Data items
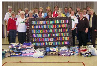
The very productive Calgary Branch

With more branches being opened in communities across Canada, the number of quilts made and distributed within that community will also increase. And the funds that would have been spent on mailing the quilts
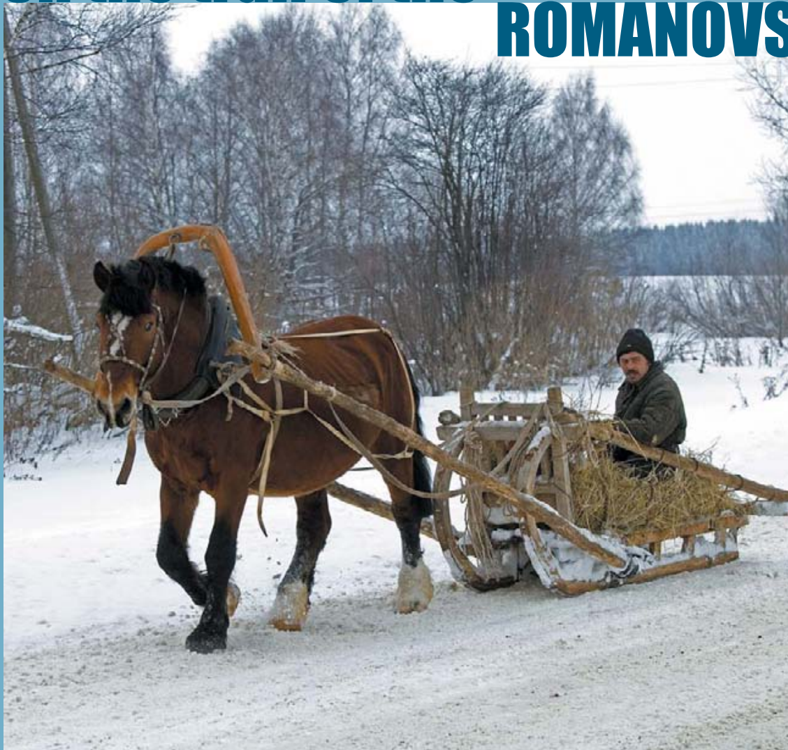
Traditional 'Sani' sledge
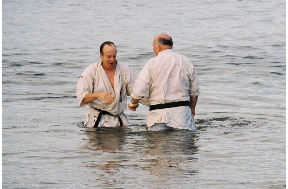
Battle in the water, or making plans for breakfast ?

Whenever you train outside of the dojo, at the beach, the mountains, somewhere like that, you become refreshed, and can appreciate all kinds of things. At Summer Camp, we start training before sunrise, just as the
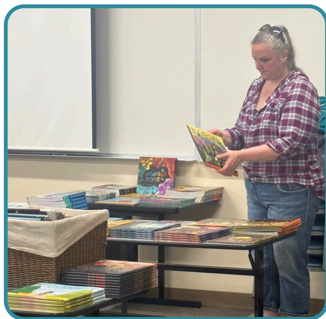
Home Visitor shopping

The quality & selection of books, especially the mental health topics!
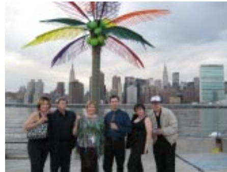
Murder on the Waterfront
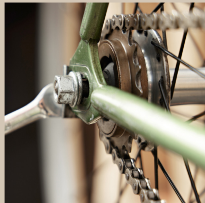
The Spoke: Repair and wash facility to keep your bike ready to go.
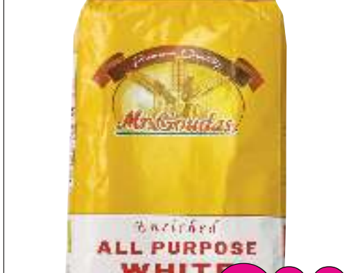
Mr Goudas All Purpose Flour 8 kg
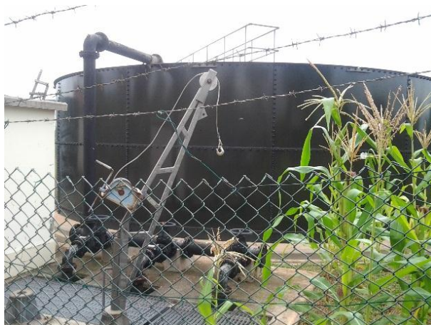
Figure 3: First stage of sedimentation tank

for any bacteria present and left over for a day and more before discharged into a tunnel joined to a stream.
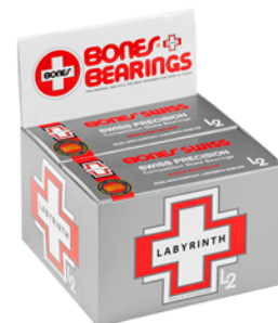
BONES SWISS LABYRINTH II 10-PACK POP BSLWB288P10
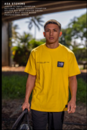
CAROUSEL OF LIFESTYLE & PRODUCT FLAT LAYS
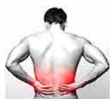
Back & Neck Pain

Personalized care to help you recover, get stronger, and return to the activities you love.
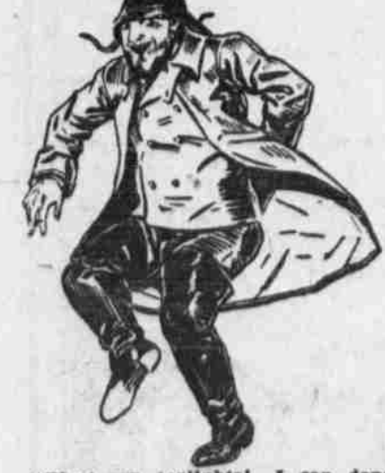
"Blast my toplights! I can dance the horspipe as well as if I'd never been ruptured?"

If Ca bed-rid means not you sult by much, seafare he oper be operated upon or die. Yet he cured himself absolutely and his big, free book tells how.
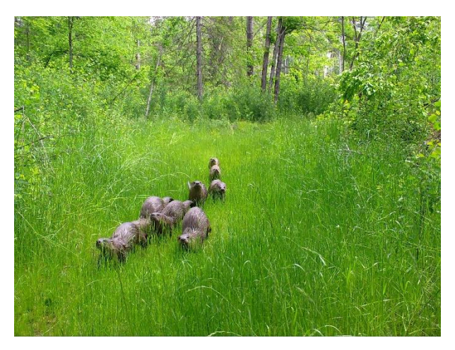
Otter captured by a Snapshot Wisconsin camera in Jackson County, winter 2016. →

In the first two years of the project, 360 photos of otter were captured from 29 camera sites. Most of the photos captured were in spring or late fall, especially in November. Additionally, most of the camera sightings took place between dusk and midnight. In the future, it is anticipated that Snapshot Wisconsin data will be able to assist wildlife management decisions across the state by complementing population estimates, group counts, and ranges of species.
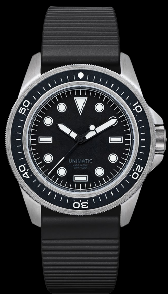
U1S-PD3, 2023 Edition of 500 pieces
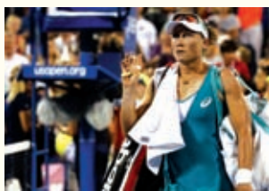
Samantha Stosur of Australia walks off the court after losing her first round match to Victoria Duval of the US at the US Open tennis championships in New York, on 27 Aug, 2013.
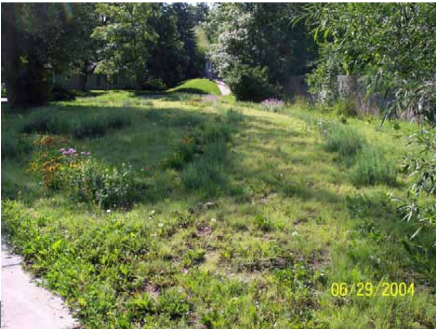
Photograph 47. June 29, 2004.
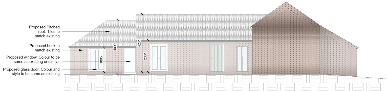
East 1 : 100

Do not scale from drawing. AM2 Ltd accept no responsibility for any dimensions obtained by measuring or scaling from this drawing and no reliance should be placed on such dimensions. If no dimension is given, it is the responsibility of the recipient to obtain the dimension specifically from the author or by site measurement. The sizing of all structural and service elements must always be checked against the relevant engineer's drawings. No reliance should be placed upon sizing information shown on this drawing.
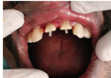
FIGURE 3: After fiber post fixation.

with satisfactory aesthetics. Periodontal status was good with 1mm pocket. Gingival tissues had a normal texture with a normal contouring (Figure 5). Intraoral periapical radiograph showed intact tooth structure with intact lamina dura (Figure 6).
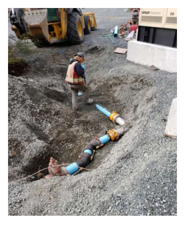
Figure 7 -Residual Solids Pump Stations - Working on watermain tie in at the Hartland Reservoir
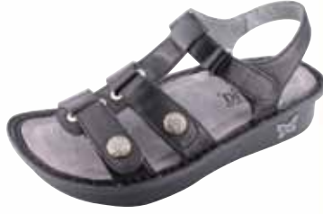
DUSTY BLACK | KLE-631
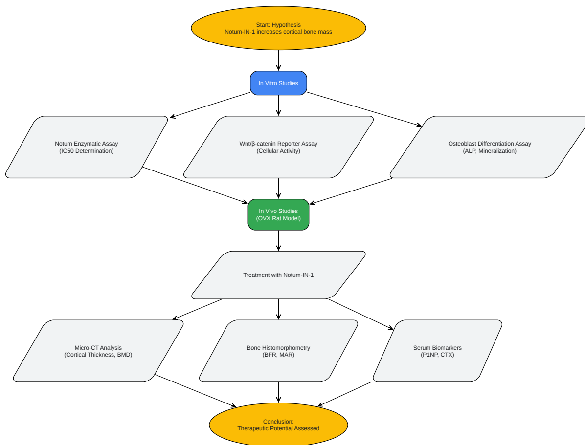
Figure 2: Experimental Workflow for Notum-IN-1 Evaluation

Click to download full resolution via product page
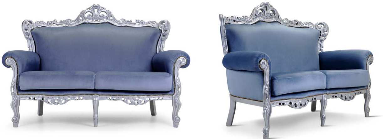
Barokko 2 seater sofa
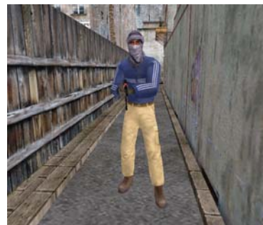
Figures 15, 16. Clinical Interface ~ Insurgent “Attack”.
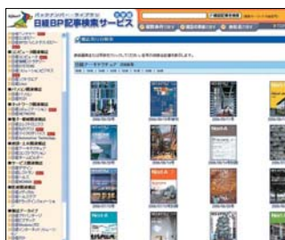
Nikkei BP (e-journals)
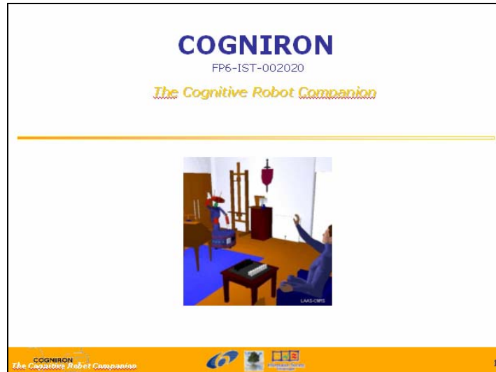
Figure 2: Overview of the template for project presentations
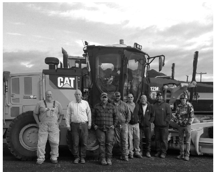
Road Department—Sherman County Fair Grand Marshal
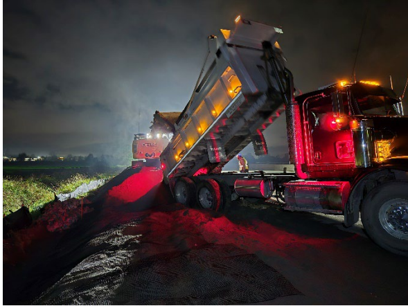
Figure 1: A truck unloading soil overnight along Highway 99 in Richmond (October 2024).
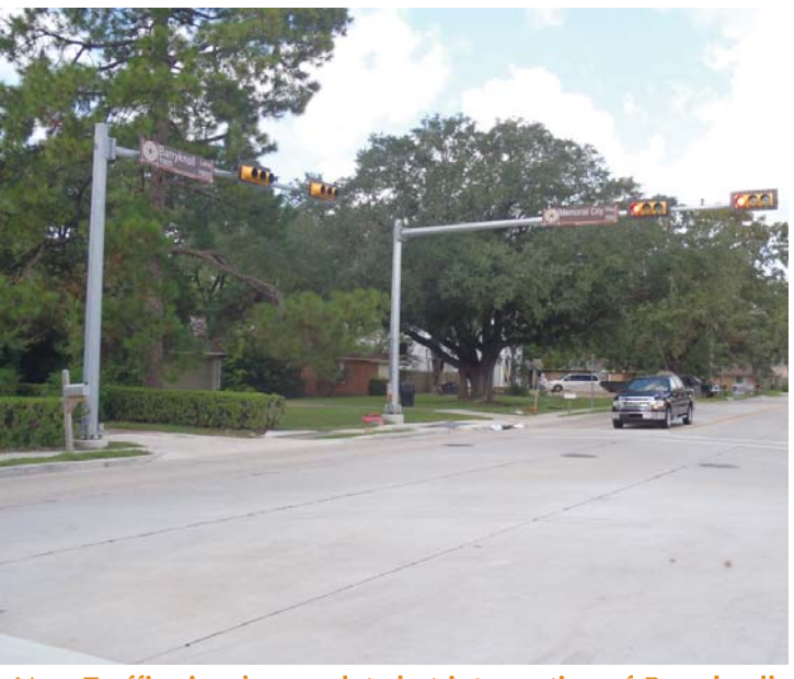
New Traffic signals completed at intersection of Barryknoll Lane and Memorial City Way
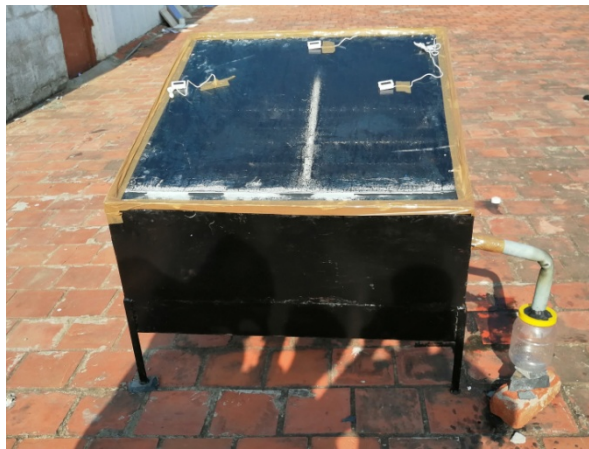
Fig.2. Experimental set up of stepped basin solar still

The single basin solar still has effective basin area of 1m x 1m and fabricated out of stainless steel material. The bottom of the still painted with black by mixing a special black dye with resin. A window glass of 3 mm thickness inclined at inclined at 30 0 if fixed to the vertical wall of the still. To ensure that vapors are not lost atmosphere, the glass cover sealed with the rubber gasket. An inlet pipe provided at the rear wall of the still for feeding water.

- [Your goal]:
In the copy, include all records verbatim but no images.

- [Result of this exercise]:
The very productive Calgary Branch

With more branches being opened in communities across Canada, the number of quilts made and distributed within that community will also increase. And the funds that would have been spent on mailing the quilts
Traditional 'Sani' sledge
Battle in the water, or making plans for breakfast ?

Whenever you train outside of the dojo, at the beach, the mountains, somewhere like that, you become refreshed, and can appreciate all kinds of things. At Summer Camp, we start training before sunrise, just as the
Home Visitor shopping

The quality & selection of books, especially the mental health topics!
Murder on the Waterfront
The Spoke: Repair and wash facility to keep your bike ready to go.
Mr Goudas All Purpose Flour 8 kg
Figure 3: First stage of sedimentation tank

for any bacteria present and left over for a day and more before discharged into a tunnel joined to a stream.
BONES SWISS LABYRINTH II 10-PACK POP BSLWB288P10
CAROUSEL OF LIFESTYLE & PRODUCT FLAT LAYS
Back & Neck Pain

Personalized care to help you recover, get stronger, and return to the activities you love.
"Blast my toplights! I can dance the horspipe as well as if I'd never been ruptured?"

If Ca bed-rid means not you sult by much, seafare he oper be operated upon or die. Yet he cured himself absolutely and his big, free book tells how.
Otter captured by a Snapshot Wisconsin camera in Jackson County, winter 2016. →

In the first two years of the project, 360 photos of otter were captured from 29 camera sites. Most of the photos captured were in spring or late fall, especially in November. Additionally, most of the camera sightings took place between dusk and midnight. In the future, it is anticipated that Snapshot Wisconsin data will be able to assist wildlife management decisions across the state by complementing population estimates, group counts, and ranges of species.
U1S-PD3, 2023 Edition of 500 pieces
Samantha Stosur of Australia walks off the court after losing her first round match to Victoria Duval of the US at the US Open tennis championships in New York, on 27 Aug, 2013.
Photograph 47. June 29, 2004.
East 1 : 100

Do not scale from drawing. AM2 Ltd accept no responsibility for any dimensions obtained by measuring or scaling from this drawing and no reliance should be placed on such dimensions. If no dimension is given, it is the responsibility of the recipient to obtain the dimension specifically from the author or by site measurement. The sizing of all structural and service elements must always be checked against the relevant engineer's drawings. No reliance should be placed upon sizing information shown on this drawing.
FIGURE 3: After fiber post fixation.

with satisfactory aesthetics. Periodontal status was good with 1mm pocket. Gingival tissues had a normal texture with a normal contouring (Figure 5). Intraoral periapical radiograph showed intact tooth structure with intact lamina dura (Figure 6).
Figure 7 -Residual Solids Pump Stations - Working on watermain tie in at the Hartland Reservoir
DUSTY BLACK | KLE-631
Figure 2: Experimental Workflow for Notum-IN-1 Evaluation

Click to download full resolution via product page
Barokko 2 seater sofa
Figures 15, 16. Clinical Interface ~ Insurgent “Attack”.
Nikkei BP (e-journals)
Figure 2: Overview of the template for project presentations
Road Department—Sherman County Fair Grand Marshal
Figure 1: A truck unloading soil overnight along Highway 99 in Richmond (October 2024).
New Traffic signals completed at intersection of Barryknoll Lane and Memorial City Way
Fig.2. Experimental set up of stepped basin solar still

The single basin solar still has effective basin area of 1m x 1m and fabricated out of stainless steel material. The bottom of the still painted with black by mixing a special black dye with resin. A window glass of 3 mm thickness inclined at inclined at 30 0 if fixed to the vertical wall of the still. To ensure that vapors are not lost atmosphere, the glass cover sealed with the rubber gasket. An inlet pipe provided at the rear wall of the still for feeding water.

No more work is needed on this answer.